Schwab’s second quarter of 2015 was actually pretty good. The company produced a six-percent comparable gain in sales to $1.57 billion with a nine-percent gain in earnings to $353 million.

The company’s most recent quarter represented its best ever for net client asset accumulation at $37.0 billion on a 16% increase in newly opened client accounts—which is telling in itself.

Earnings Roundup So Far

Delta Air Lines, Inc. (NYSE/DAL) and UnitedHealth Group Incorporated (NYSE/UNH) beat the Street with their bottom lines.

Global businesses are no doubt dealing with currency issues. And that’s having a material effect on their financials.

What there isn’t (so far) is robust sales growth. It’s still a slow-growth environment and companies, through strong cost control and hoarding, are able to maintain their earnings while keeping shareholders relatively happy with dividends and share repurchases.

In terms of share price performance, this is a business strategy that has seemingly worked for large corporations. Bold new investments in plants, equipment, and employees continue to be a rarity.

Reminiscent of a marketplace trading on low expectations, Intel Corporation (NASDAQ/INTC) beat the Street with its earnings on a five-percent comparable decline in sales and flat comparable earnings per share. Intel’s stock went up on the news. We’ve seen a lot of this lately.

Last year, the equity market went up on expectations that the Federal Reserve was going to raise interest rates. The thinking was the Fed would only do so if the economy could handle it.

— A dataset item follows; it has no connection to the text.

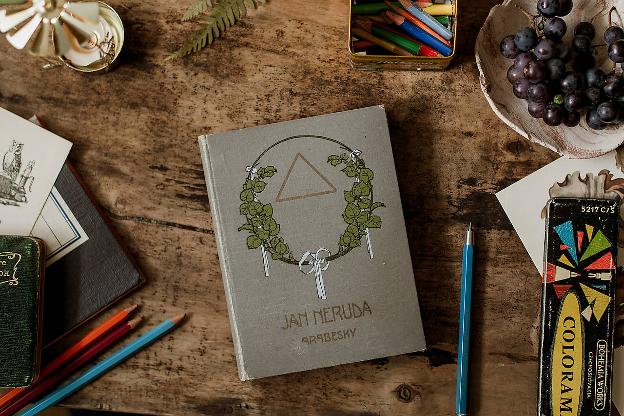 Jan Neruda - Arabesky. 140 strán, 135 x 175 mm. Pekná antikvariátna väzba s ražbou. Trhané okraje strán.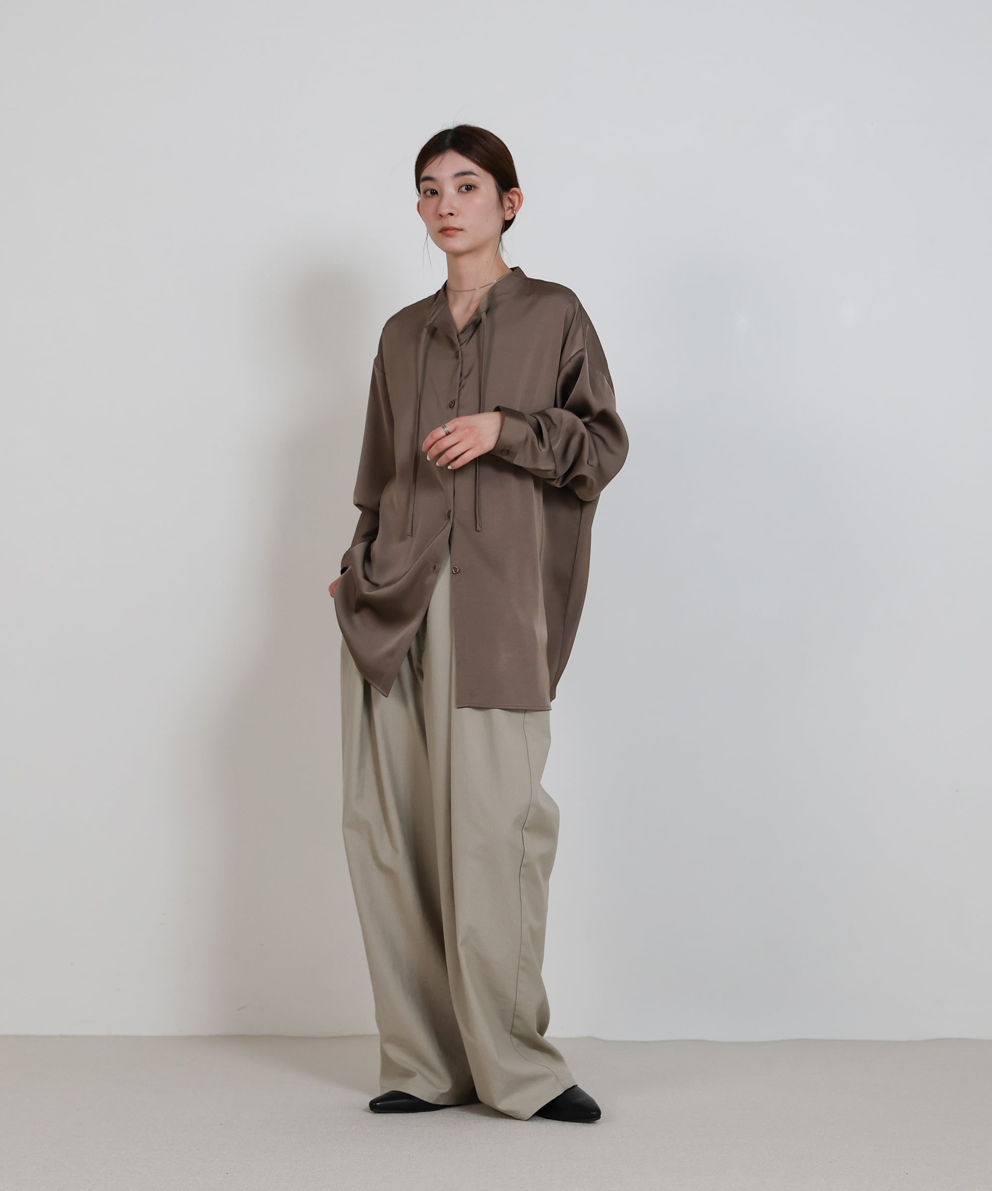 Вертикальная драпировка и слегка свободный крой создают изысканный, непринужденный образ.

Once again, I believe sentiment is strong enough for this to play out again later this year. The first rate hike could very well be the catalyst for a fourth-quarter rally. (See “Stock Market Crash 2015: Is it in the Cards?”)

With fairly robust corporate outlooks and Wall Street earnings expectations for 2016, I wouldn’t be surprised if stocks play out like this going into 2016. Sideways trading action until a fourth-quarter rally is possible going into next year.

In any case, sales growth is not robust. And while companies are doing everything they can to maintain their earnings, top-line improvement is the only way for corporate earnings, and therefore the stock market, to be securely in a secular bull market.